In many smaller companies, the two roles become blurred. Most often, a Product Owner is the equivalent of the conventional business analyst role, extracting requirements from users, interpreting them in technical development terms and pumping them at the development teams to drive the construction process.

The Product Owner is very much aware of the product roadmap and vision but, in these conventional definitions of the roles, does not develop that roadmap and neither should they. However, in practice, many Product Owners attempt to bridge the gap by obtaining a comprehensive grasp of market requirements from knowledge of multiple customers and then educate their teams so that they have a deep appreciation of the commercial side as well as the functional.

It becomes more and more complex to meet the different needs of

  • describing user stories
  • defining acceptance criteria
  • monitoring the product strategy and aligning the priorities
  • prioritizing stories by value and complexity or effort at the same time. In an agile world we try to reduce time to market, obtained customer feedback then and deliver value continuously. This means the priorities can change after each iteration!
  • planning and communicating release scope and the product road map to all stakeholders
  • visualizing dependencies between stories and resolving them.

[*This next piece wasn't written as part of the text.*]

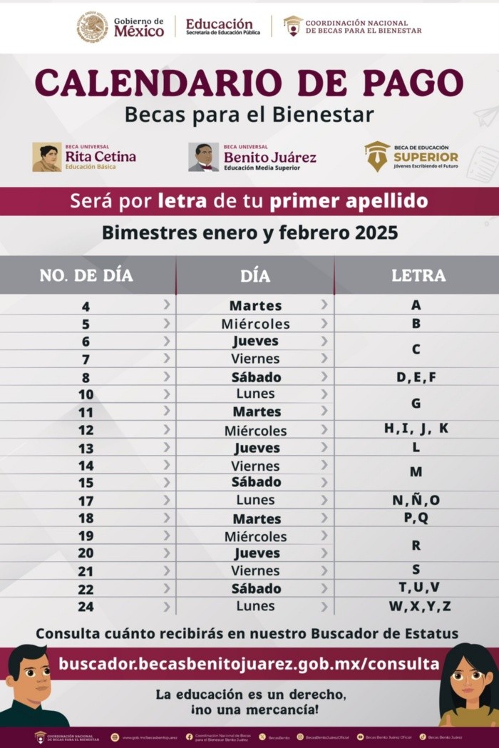La Coordinación Nacional de Becas para el Bienestar (CNBB) compartió en su cuenta de X el calendario de pagos para los beneficiarios de las Becas Benito Juárez y Jóvenes Escribiendo el Futuro, destinadas a estudiantes de nivel medio superior, cuyo pago iniciará este mes de febrero.Las y los beneficiarios recibirán su dinero correspondiente al bimestre de enero y febrero de 2025, el cual será entregado en orden alfabético, de acuerdo a la primera letra de su apellido y se llevará a cabo del 4 al 24 de febrero de 2025:Dicha beca tiene como objetivo fortalecer la educación inclusiva, equitativa y de calidad para que las nuevas generaciones tengan la oportunidad de desarrollar capacidades y su condición de vida.Si eres beneficiario de estos apoyos económicos impartidos por el Gobierno de la Ciudad de México, puedes consultar lo que te corresponde en este bimestre, así como la fecha de tu pago en el Buscador de Estatus.De acuerdo al ajuste realizado, los estudiantes de bachillerato y universidad que estén inscritos en los programas, verán reflejado un aumento en el apoyo económico que reciben cada dos meses.NA

Now consider a complex product where multiple development teams are involved and the product backlog spans literally hundreds of user stories. It is hard not to lose the thread without a tool, which supports a flexible view of your backlog.

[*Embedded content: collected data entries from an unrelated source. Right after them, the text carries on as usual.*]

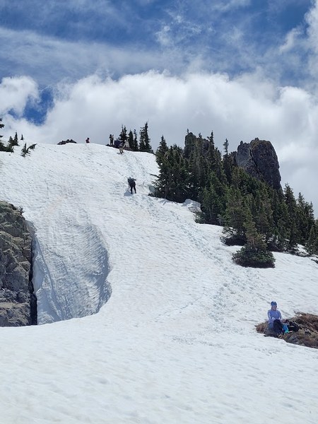 Road is open to Reflection Lakes. Snow was nice and firm for our ascent, slippery and soft for our descent. Our planned glissade route is starting to melt out, so we had to descend the final 500 feet the way we came up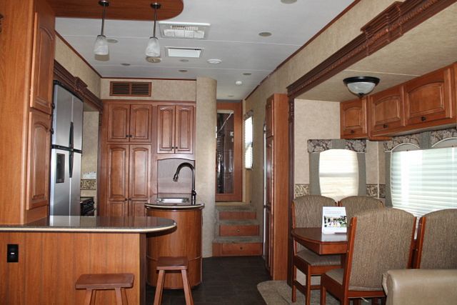 This 2011 Bighorn By Heartland has all the comforts of home. Features include.... Electric Landing Gear, 4 Slide-outs, Onan Propane Generator, 2 Roof A/Cs, Four Door Refrigerator, Main Awning, 2 Piece Washer/Dryer, CD Radio, DVD Player, Outside Shower, Microwave, 3 Burner Range and Oven. Get out and go Camping!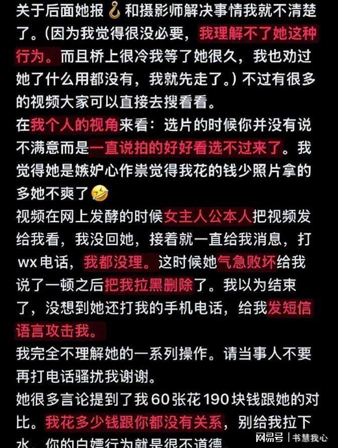 这位朋友澄清,她们俩当时找的根本不是同一个摄影师,所以女生所谓“朋友拍照更便宜”的退款理由,根本站不住脚。

With all the above in mind, Agile User Story Map was created by a team of experienced Product Owners and Product Managers. Inspired by the story mapping concept of Jeff Patton and the idea of a product management canvas from Roman Pilcher, Agile User Story Map for JIRA makes the Product Owner’s job much easier:

User Stories can be written easily on virtual cards and related to epics to describe even larger scopes. Estimate Stories – Even though the smaller chunks of work that are the foundation of the agile approach do make estimating easier, getting estimates right can still pose problems. Calibration is one of the factors that can help to fine tune your estimates. This technique can be enabled relatively easily. read more…

Visualize Roadmap – Pulling a jumble of backlog stories into a coherent project and product roadmap used to be a tedious and time consuming task. Not any more. One of the key benefits of using a visual tool such as Agile User Story Map is the ease with which components can be organized and rearranged. read more…

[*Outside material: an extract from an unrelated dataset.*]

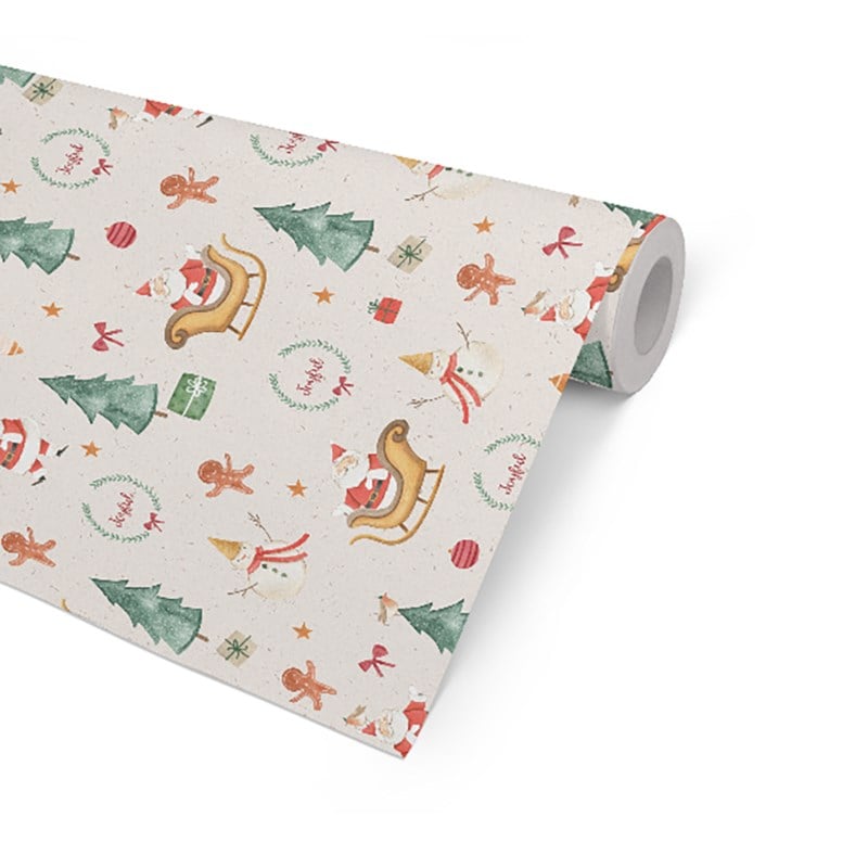 Julpapper Joyful 57cm x 154 meter. Obestruket papper, 80g FSC-märkt

Visualize Dependencies – A potential minefield for the Product Owner is cross-team dependencies on functionality that is delivered at different points in the project timeline. If these are not accurately identified and planned for, the result can be disastrous. The planning solution may be quite simple. read more…

Conclusion

The logistics of day to day management of the development cycle can push the needs of product management into the background for a typical Product Owner. If a Product Manager role exists in the organization then frequent liaison, communication and mapping the roadmap is required between the two and also with the development team(s). To successfully achieve this marriage of the different role functions, a specialist tool that tracks, maps, displays and communicates the constantly changing big picture is undoubtedly a time saving tool that improves productivity and prevents losing sight of pieces of the vital detail.